Researchers have developed several new approaches using CRISPR to modify the genomes of bacterial populations on a large scale. 

Two landmark studies have reported successfully using CRISPR to alter bacterial genomes within their natural populations. The advances could pave the way for so-called 'community editing', where diverse populations of bacteria are modified simultaneously, and in-situ. 

Currently, CRISPR can only perform targeted edits in one cell-type at a time. Community editing, however, would allow the study of bacterial populations on an unprecedented scale, in a less artificial model. 'Breaking and changing DNA within isolated microorganisms has been essential to understanding what that DNA does,' explained Dr Benjamin Rubin at the University of California (UC) Berkeley, lead author of one study. 

'This work helps bring that fundamental approach to microbial communities, which are much more representative of how these microbes live and function in nature,' he added.
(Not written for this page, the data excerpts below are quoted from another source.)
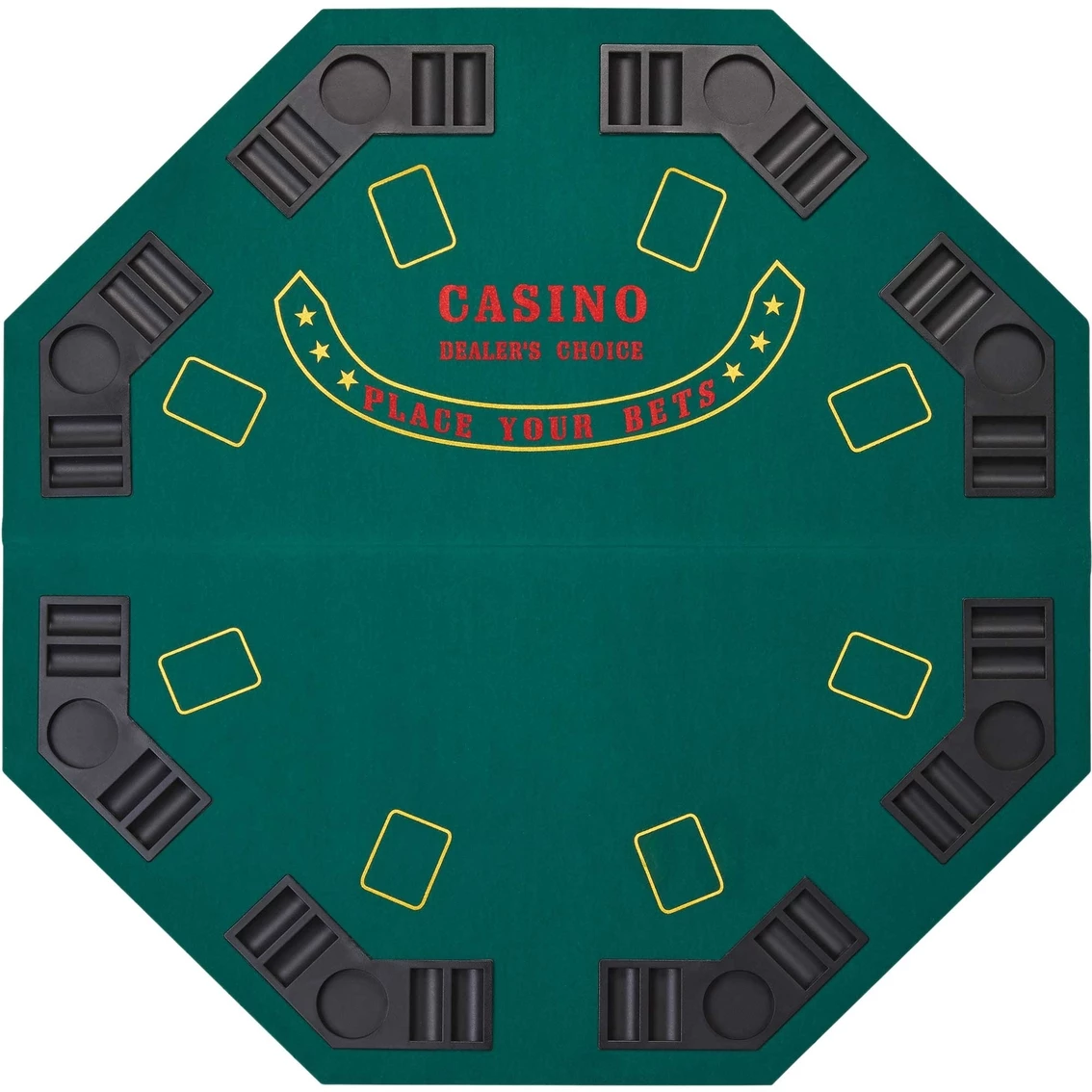 This Fat Cat Poker / Blackjack Tabletop is a colorful felt playing table that easily unfolds and lies flat on any surface. Tabletop comes with eight built-in poker chips and drink holders. Constructed of solid wood. Includes a carrying case. Model: 64-2004.
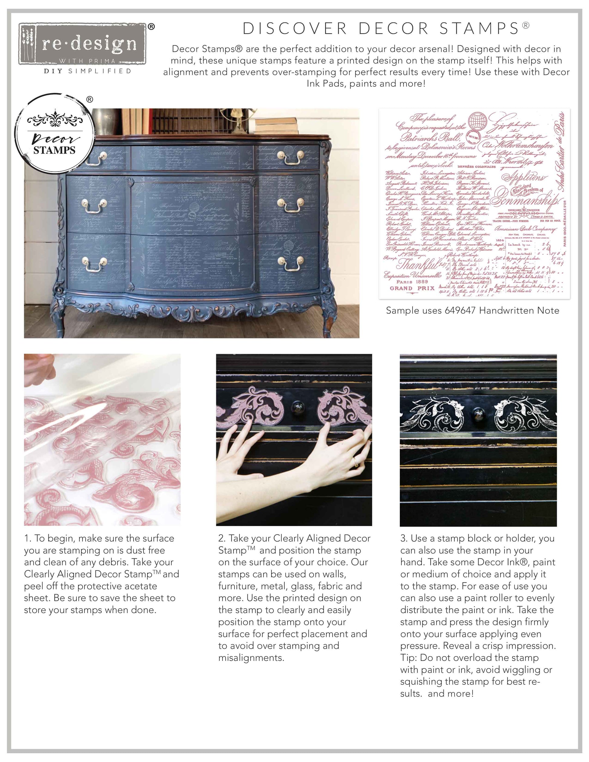 Introducing Clearly Aligned Decor Stamps! Featuring a customized printed design on the clear acrylic stamp itself. The very first of its kind, this feature allows you to clearly align your stamp for perfect placement, while also preventing overstating or misalignments. Seeing the pattern clearly without inking the stamp first is helpful when creating repeating patterns. Create unique and versatile stamped designs on a variety of surfaces while stamping perfectly each time!
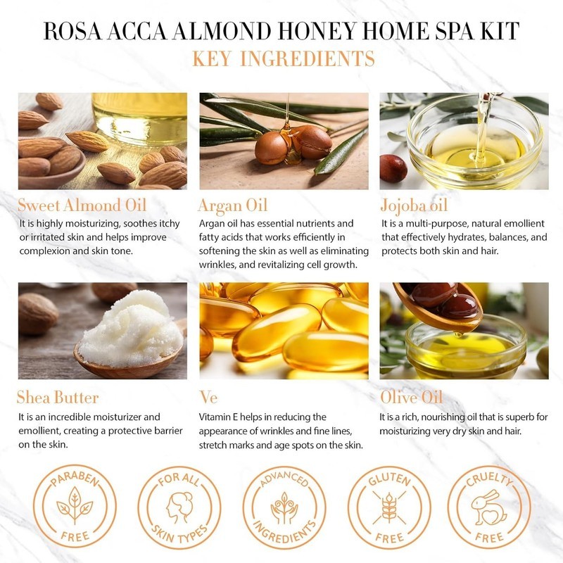Rosa Acca Honey Almond Luxury Spa Gift Set ? 20-Piece Bath Body Care Basket
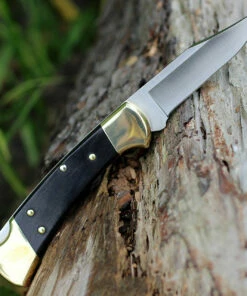 Buck Knives Buck Auto 112BRSA, 3″ Satin 420HC SS Plain Blade, Macassar Ebony Dymondwood Handle

The study from UC Berkeley, published in Nature Microbiology, described two methods of genome editing that could work together to target particular bacterial species within a mixed population. First, the researchers developed a screening technique called ET-Seq (Environmental Transformation Sequencing) to identify bacteria which were most susceptible to genome editing within a population. They then used a modified CRISPR system called DART (DNA-editing all-in-one RNA-guided CRISPR-Cas Transposase) to target specific loci within these bacteria, and insert a barcoded DNA sequence that allowed the researchers to track the bacteria's activity. 

The researchers cultured a community of microbes both from human infant stool and soil, and were able to enrich for strains of E.coli carrying a gene of interest – in this case,  antibiotic resistance genes inserted by DART. Led by Professor Jennifer Doudna, who was awarded the 2020 Nobel Prize in Chemistry for the invention of CRISPR/Cas9 genome editing (see BioNews 1070), the team are hopeful ET-Seq and DART could be used to accelerate research of bacterial communities. 

Elsewhere, at the University of California San Francisco (UCSF), researchers successfully manipulated the composition of the gut microbiome in mice – the first study to alter microbial genomes in living mammals. 

Published in Cell Reports, the researchers used a bacteria-infecting virus called M13 to deliver a destructive CRISPR/Cas9 system to a strain of E.coli they wanted to eliminate from the gut. Following analysis of the mice's faeces, they found that the E.coli strain, which was prominent before M13 targeting, diminished to only one percent of the bacterial population. 

Professor Peter Turnbaugh, senior author of the study at UCSF, described the work as 'the starting point for trying to engineer bacteria within the gut.'

The new techniques developed by UC Berkeley and UCSF have significant implications for microbial research, which relies on being able to isolate and grow bacteria and is not possible for many species. Similarly, it is difficult to study processes where multiple species cooperate, such as in nutrient breakdown. 

The methods could also aid medical research into conditions such as autoimmune disorders, cardiovascular disease and even depression, which are linked to imbalances in the gut microbiome.

'Eventually, we may be able to eliminate genes that cause sickness in your gut bacteria or make plants more efficient by engineering their microbial partners,' summarised Dr Brady Cress, co-author of the UC Berkeley study. 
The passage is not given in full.